Stored data entries
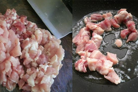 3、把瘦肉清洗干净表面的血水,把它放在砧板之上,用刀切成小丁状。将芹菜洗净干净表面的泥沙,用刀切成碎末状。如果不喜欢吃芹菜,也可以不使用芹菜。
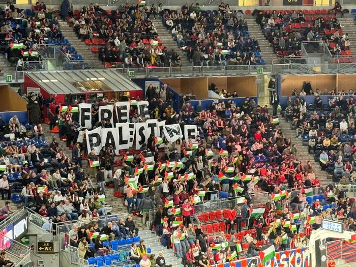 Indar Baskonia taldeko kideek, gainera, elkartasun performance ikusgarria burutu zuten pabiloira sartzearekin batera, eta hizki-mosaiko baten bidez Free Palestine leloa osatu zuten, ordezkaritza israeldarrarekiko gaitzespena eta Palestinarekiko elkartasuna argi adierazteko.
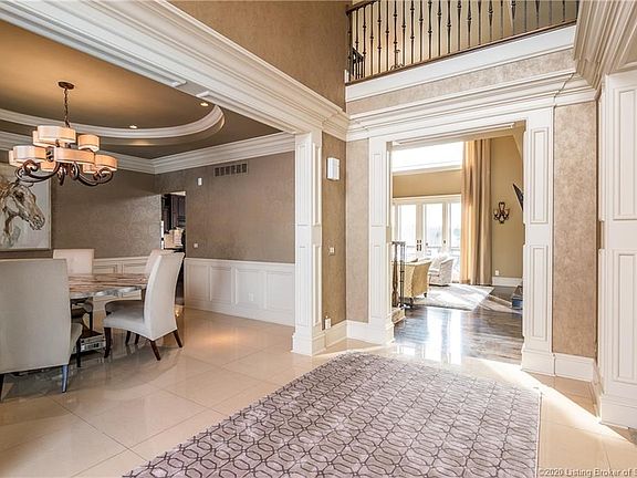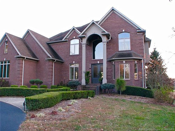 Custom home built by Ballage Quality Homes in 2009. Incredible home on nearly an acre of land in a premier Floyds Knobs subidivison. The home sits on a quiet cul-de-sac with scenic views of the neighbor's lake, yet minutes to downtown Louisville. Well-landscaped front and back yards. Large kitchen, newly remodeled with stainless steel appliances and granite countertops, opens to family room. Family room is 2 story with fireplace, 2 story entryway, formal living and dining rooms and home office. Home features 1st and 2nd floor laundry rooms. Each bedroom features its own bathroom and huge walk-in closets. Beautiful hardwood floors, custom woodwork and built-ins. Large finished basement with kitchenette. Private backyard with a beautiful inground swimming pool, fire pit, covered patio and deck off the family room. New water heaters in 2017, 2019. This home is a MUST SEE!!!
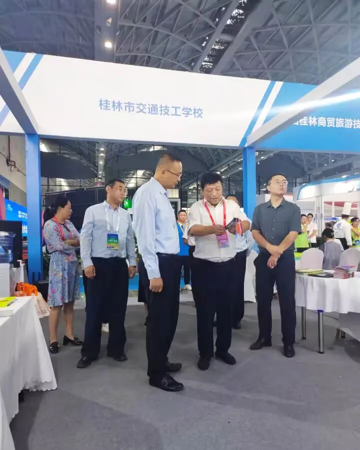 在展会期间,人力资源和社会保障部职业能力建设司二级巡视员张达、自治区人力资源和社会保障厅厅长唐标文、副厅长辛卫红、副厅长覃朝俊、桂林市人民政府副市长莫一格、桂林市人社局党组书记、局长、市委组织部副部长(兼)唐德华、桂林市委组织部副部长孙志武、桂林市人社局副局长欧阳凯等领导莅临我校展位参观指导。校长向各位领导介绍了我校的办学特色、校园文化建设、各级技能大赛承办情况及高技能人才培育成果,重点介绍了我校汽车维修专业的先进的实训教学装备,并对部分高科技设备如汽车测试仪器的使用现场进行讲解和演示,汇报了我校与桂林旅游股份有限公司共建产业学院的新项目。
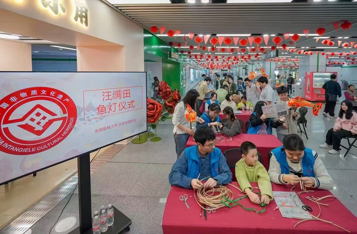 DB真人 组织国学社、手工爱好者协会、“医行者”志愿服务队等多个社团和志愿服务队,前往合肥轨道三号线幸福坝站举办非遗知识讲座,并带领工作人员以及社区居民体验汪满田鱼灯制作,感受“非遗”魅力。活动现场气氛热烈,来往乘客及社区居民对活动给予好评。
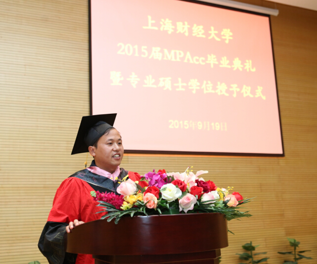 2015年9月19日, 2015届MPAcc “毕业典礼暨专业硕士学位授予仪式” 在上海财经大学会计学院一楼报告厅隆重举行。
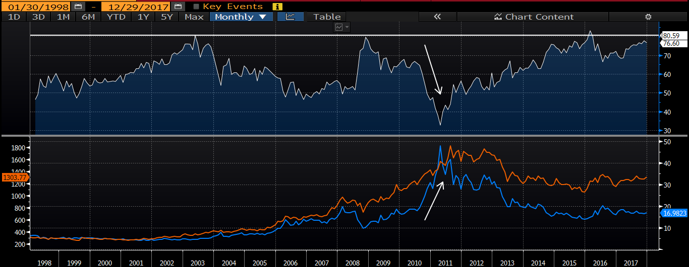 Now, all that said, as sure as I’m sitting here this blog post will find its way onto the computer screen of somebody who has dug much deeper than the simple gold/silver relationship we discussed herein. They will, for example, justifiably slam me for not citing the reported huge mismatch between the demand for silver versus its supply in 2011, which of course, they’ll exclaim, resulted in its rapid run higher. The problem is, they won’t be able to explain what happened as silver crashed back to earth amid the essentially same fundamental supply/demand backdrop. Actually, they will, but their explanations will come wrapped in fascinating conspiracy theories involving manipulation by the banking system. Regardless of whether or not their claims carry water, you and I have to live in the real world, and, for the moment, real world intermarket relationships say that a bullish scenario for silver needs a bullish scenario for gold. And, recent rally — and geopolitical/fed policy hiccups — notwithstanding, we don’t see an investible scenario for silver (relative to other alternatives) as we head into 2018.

→ ASSIGNED TASK
Copy out all the records exactly, excluding pictures.

→ RESULT OF THIS EXERCISE
 3、把瘦肉清洗干净表面的血水,把它放在砧板之上,用刀切成小丁状。将芹菜洗净干净表面的泥沙,用刀切成碎末状。如果不喜欢吃芹菜,也可以不使用芹菜。
 Indar Baskonia taldeko kideek, gainera, elkartasun performance ikusgarria burutu zuten pabiloira sartzearekin batera, eta hizki-mosaiko baten bidez Free Palestine leloa osatu zuten, ordezkaritza israeldarrarekiko gaitzespena eta Palestinarekiko elkartasuna argi adierazteko.
 Custom home built by Ballage Quality Homes in 2009. Incredible home on nearly an acre of land in a premier Floyds Knobs subidivison. The home sits on a quiet cul-de-sac with scenic views of the neighbor's lake, yet minutes to downtown Louisville. Well-landscaped front and back yards. Large kitchen, newly remodeled with stainless steel appliances and granite countertops, opens to family room. Family room is 2 story with fireplace, 2 story entryway, formal living and dining rooms and home office. Home features 1st and 2nd floor laundry rooms. Each bedroom features its own bathroom and huge walk-in closets. Beautiful hardwood floors, custom woodwork and built-ins. Large finished basement with kitchenette. Private backyard with a beautiful inground swimming pool, fire pit, covered patio and deck off the family room. New water heaters in 2017, 2019. This home is a MUST SEE!!!
 在展会期间,人力资源和社会保障部职业能力建设司二级巡视员张达、自治区人力资源和社会保障厅厅长唐标文、副厅长辛卫红、副厅长覃朝俊、桂林市人民政府副市长莫一格、桂林市人社局党组书记、局长、市委组织部副部长(兼)唐德华、桂林市委组织部副部长孙志武、桂林市人社局副局长欧阳凯等领导莅临我校展位参观指导。校长向各位领导介绍了我校的办学特色、校园文化建设、各级技能大赛承办情况及高技能人才培育成果,重点介绍了我校汽车维修专业的先进的实训教学装备,并对部分高科技设备如汽车测试仪器的使用现场进行讲解和演示,汇报了我校与桂林旅游股份有限公司共建产业学院的新项目。
 DB真人 组织国学社、手工爱好者协会、“医行者”志愿服务队等多个社团和志愿服务队,前往合肥轨道三号线幸福坝站举办非遗知识讲座,并带领工作人员以及社区居民体验汪满田鱼灯制作,感受“非遗”魅力。活动现场气氛热烈,来往乘客及社区居民对活动给予好评。
 2015年9月19日, 2015届MPAcc “毕业典礼暨专业硕士学位授予仪式” 在上海财经大学会计学院一楼报告厅隆重举行。
 Now, all that said, as sure as I’m sitting here this blog post will find its way onto the computer screen of somebody who has dug much deeper than the simple gold/silver relationship we discussed herein. They will, for example, justifiably slam me for not citing the reported huge mismatch between the demand for silver versus its supply in 2011, which of course, they’ll exclaim, resulted in its rapid run higher. The problem is, they won’t be able to explain what happened as silver crashed back to earth amid the essentially same fundamental supply/demand backdrop. Actually, they will, but their explanations will come wrapped in fascinating conspiracy theories involving manipulation by the banking system. Regardless of whether or not their claims carry water, you and I have to live in the real world, and, for the moment, real world intermarket relationships say that a bullish scenario for silver needs a bullish scenario for gold. And, recent rally — and geopolitical/fed policy hiccups — notwithstanding, we don’t see an investible scenario for silver (relative to other alternatives) as we head into 2018.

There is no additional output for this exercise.